** INFORMATION SHOWN follows **

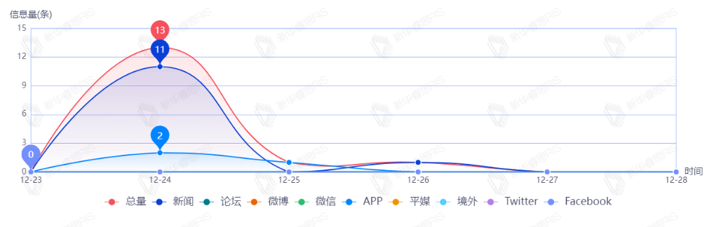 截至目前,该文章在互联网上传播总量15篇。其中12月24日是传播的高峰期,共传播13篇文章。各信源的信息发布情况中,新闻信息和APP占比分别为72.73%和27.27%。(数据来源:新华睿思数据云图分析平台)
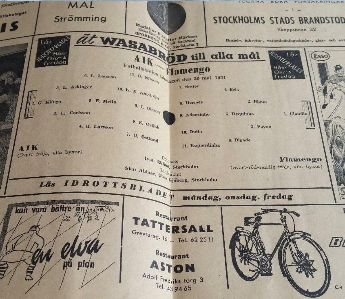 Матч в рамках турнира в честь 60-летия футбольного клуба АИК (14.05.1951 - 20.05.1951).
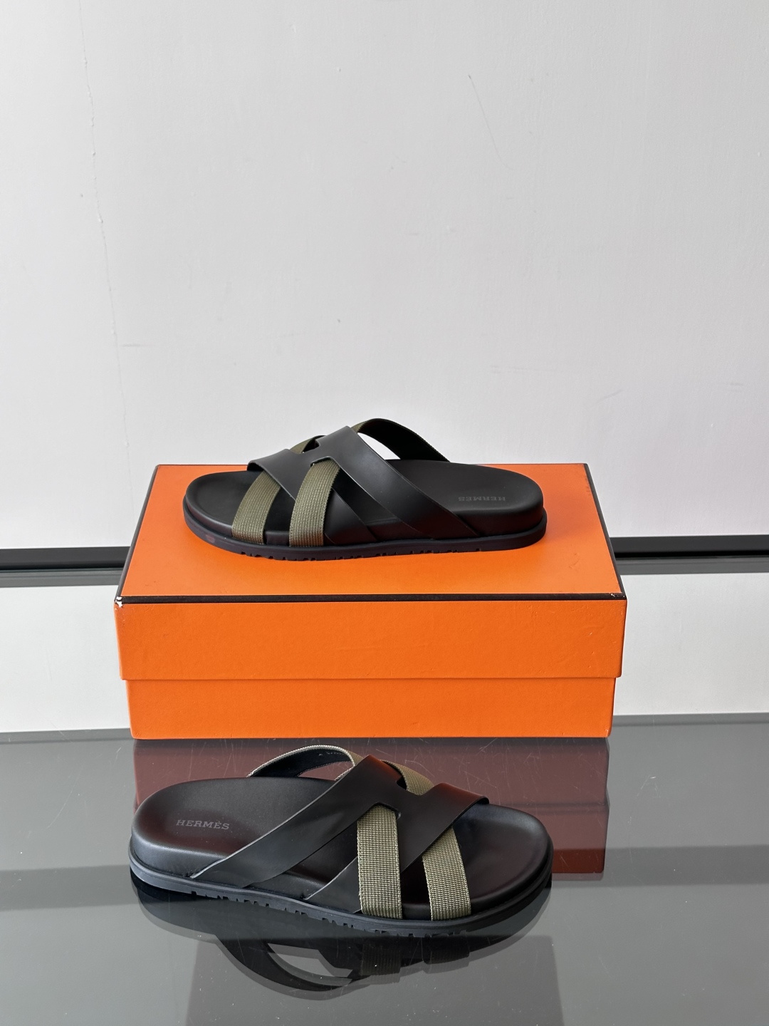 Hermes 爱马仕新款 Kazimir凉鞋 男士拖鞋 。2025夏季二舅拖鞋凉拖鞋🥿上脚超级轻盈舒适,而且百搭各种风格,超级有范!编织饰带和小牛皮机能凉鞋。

** End of INFORMATION SHOWN **
** INFORMATION SHOWN follows **

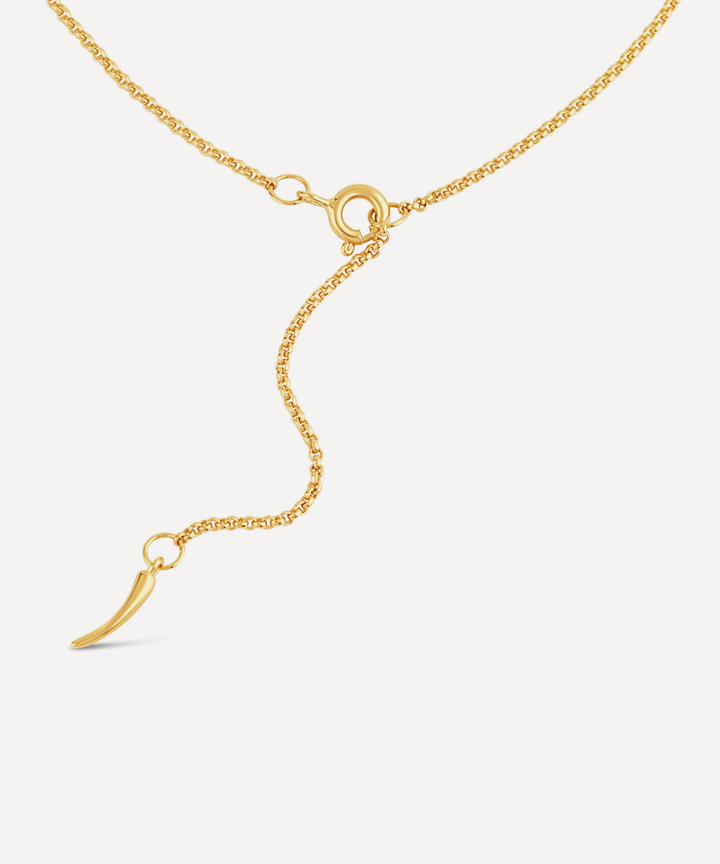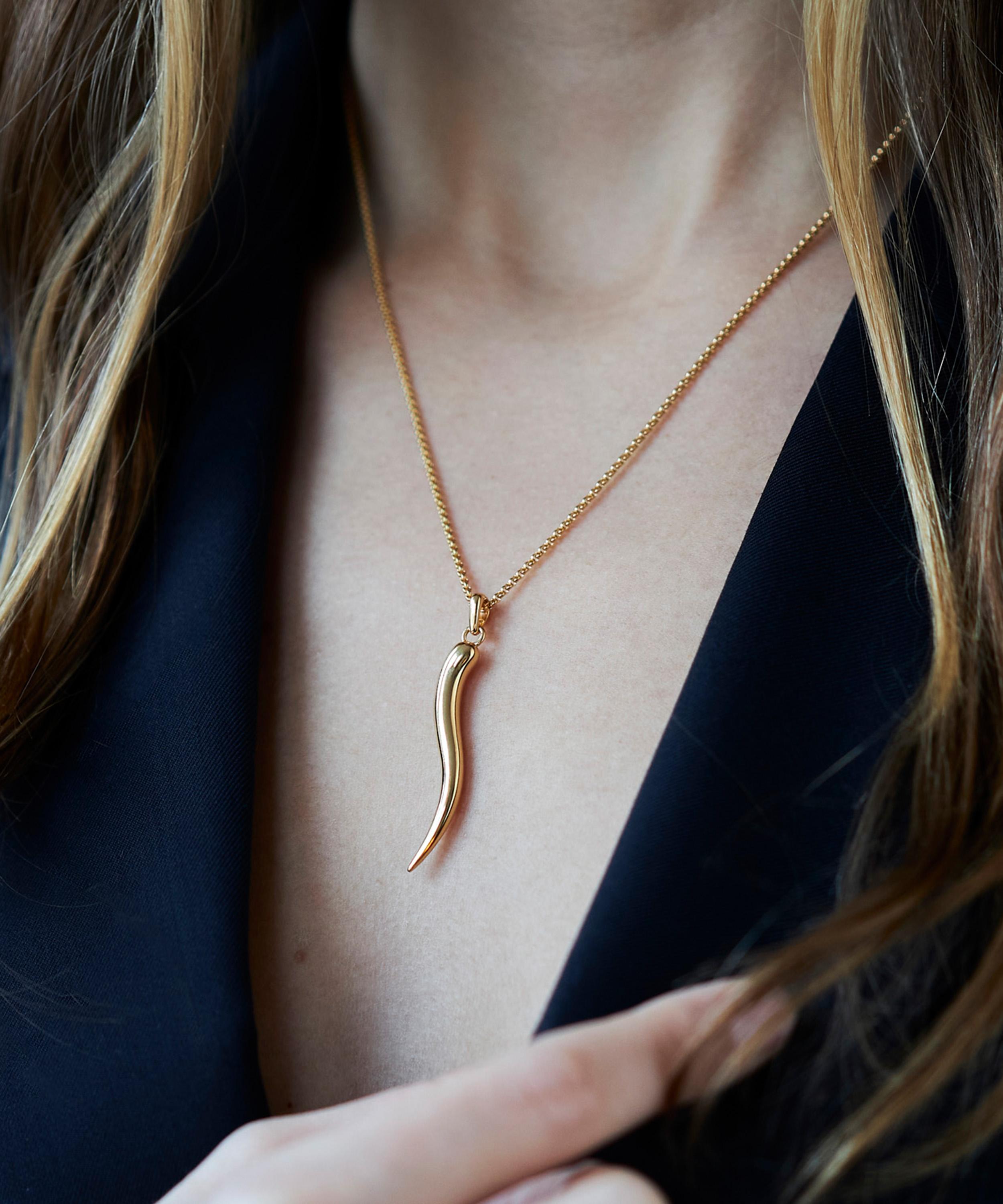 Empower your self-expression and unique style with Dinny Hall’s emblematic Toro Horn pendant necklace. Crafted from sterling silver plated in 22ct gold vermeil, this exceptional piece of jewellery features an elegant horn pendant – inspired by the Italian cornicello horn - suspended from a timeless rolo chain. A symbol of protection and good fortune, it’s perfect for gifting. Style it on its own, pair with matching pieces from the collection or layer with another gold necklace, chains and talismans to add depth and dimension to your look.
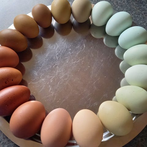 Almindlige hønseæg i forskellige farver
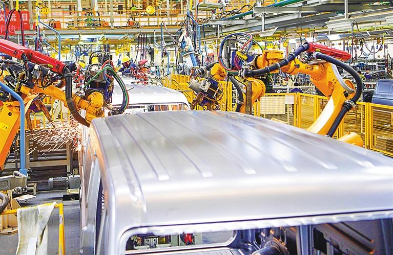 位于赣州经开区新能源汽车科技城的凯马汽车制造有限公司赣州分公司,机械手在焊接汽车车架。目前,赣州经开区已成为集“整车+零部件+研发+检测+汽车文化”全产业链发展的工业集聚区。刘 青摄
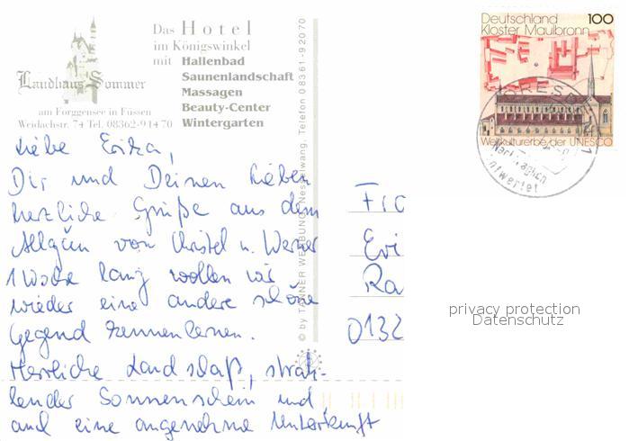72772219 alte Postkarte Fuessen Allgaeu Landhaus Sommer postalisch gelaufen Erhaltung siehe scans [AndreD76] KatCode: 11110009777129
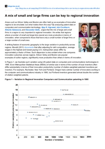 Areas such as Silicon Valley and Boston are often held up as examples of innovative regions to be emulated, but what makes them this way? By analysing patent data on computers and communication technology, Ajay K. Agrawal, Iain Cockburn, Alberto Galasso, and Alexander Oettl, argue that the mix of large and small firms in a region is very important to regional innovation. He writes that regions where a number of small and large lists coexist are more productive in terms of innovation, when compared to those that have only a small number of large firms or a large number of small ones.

** End of INFORMATION SHOWN **

** WHAT IS NEEDED **
Give again, exactly as written above, each line from the one that has "截至目前,该文章在互联网上传" to the one that has "Hermes 爱马仕新款 Kazimir凉鞋", both included; omit the pictures.

** TASK RESPONSE **
 截至目前,该文章在互联网上传播总量15篇。其中12月24日是传播的高峰期,共传播13篇文章。各信源的信息发布情况中,新闻信息和APP占比分别为72.73%和27.27%。(数据来源:新华睿思数据云图分析平台)
 Матч в рамках турнира в честь 60-летия футбольного клуба АИК (14.05.1951 - 20.05.1951).
 Hermes 爱马仕新款 Kazimir凉鞋 男士拖鞋 。2025夏季二舅拖鞋凉拖鞋🥿上脚超级轻盈舒适,而且百搭各种风格,超级有范!编织饰带和小牛皮机能凉鞋。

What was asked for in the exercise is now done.